Prior to creating Unicorn Booty, my partner Nick and I saw an overcrowded niche full of bloggers telling the exact same stories to the exact same shared audience in the exact same way every single day. Just a glance at most of the leading gay blogs’ Facebook pages then and now confirms this. The majority of our colleagues had/have a ballpark of 5 to 10K followers, and I just had no interest in those sorts of figures. Gay blog world, in my humblebrag opinion, was stagnant and lacking any sort of strategy or creativity.
So we set out to make gay news cool. Seriously. That was it. I work hard every single day to leapfrog gay blog world and get the LGBT community’s stories across other channels, to other audiences who may never have even considered reading a gay news site before. To this day one of my proudest achievements with Unicorn Booty is that over 30% of our readers identify as straight. Our readership is split almost exactly down the middle between women and men, and I remain thankful every day that our audience cares as deeply about women’s rights and health, and transgender issues as much as I do. Content deviating from the straight-up gay news beat is never accused of being offbrand by our readers, who are genuinely interested in the equality and fair treatment of all. Phew!

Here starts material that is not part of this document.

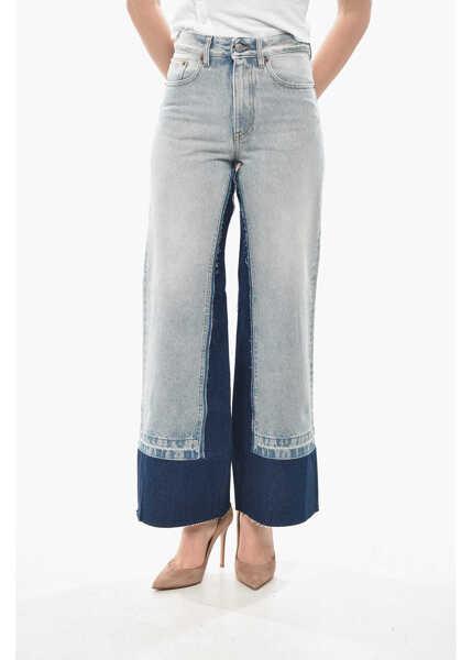 Culoare: Light Blue Maison Margiela Mm6 Two-Tone Jeans With 29Cm Raw Hem Light Blue

So what does it mean to have 100,000 Facebook followers? Well, for starters it means that Unicorn Booty news and stories reach about 400,000 people per day on Facebook alone. Unicorn Booty is the social glue of gay news. Period. Shares of our stories each day regularly chart in the tens of thousands, and we often see days that our posts hit 50,000 or even 100,000 shares. In a day.
Two years ago, I never would have guessed that I’d be written up in and name-dropped by Forbes, Mother Jones, The Atlantic, Glamour, New York Magazine, and Vibe – not to mention pretty much every single LGBT media outlet on the planet. I never would have guessed that my work would be cited in legislative hearings or by child advocacy groups in the Supreme Court, or plagiarized by The Huffington Post writers on a nearly daily basis (Zing!). And on a total Vanity Smurf level, I still can’t get over Katy Perry calling me “pure sex.” Meow!
Unicorn Booty has changed my life and helped me to grow up and out. Saving all of those pretty UB pennies for two years financed my move back to New Orleans, where I was blown far, far away from during Hurricane Katrina. UB has taken me to Maui to celebrate Hawaii’s civil unions law going into effect, to Austin for SXSW, to New York for overpriced drinks, and beyond. And Unicorn Booty’s coffers are building my restaurant, Booty’s, in New Orleans’ center-of-the-universe Bywater neighborhood as we speak.
Perhaps my proudest achievement through all of this is the non-profit organization I’m hard at work developing with the social change super geniuses at Propeller, which I’ve christened Gay It Forward. You’ll be hearing much, much more about it very soon.
Which brings me back to that dearth of strategy and creativity that I spoke of first noticing two years ago. Nick and I have big plans for UB, Booty’s, Gay It Forward and beyond in the works for years to come. Thank you to the millions of readers who come to us each month for our brand of social impact and sass. Thank you to the 100,000 Facebook followers who subsidize my iced coffee addiction and refusal to work from an office ever again. Thank you to the entire Oddfellows Cafe staff for making the OG UB “office” a place where we were able to dream up mad designs and plans for the next five years of our business. And many thanks to Christopher Welch, Brent Peterson, Evan Rodd and Derek Lactaoen for being the lead ponies in the UB herd.
And real talk, thank YOU for just showing up here to read this – and for being the superbabe that you are. We couldn’t do it without you, Gorgeous. Smooch!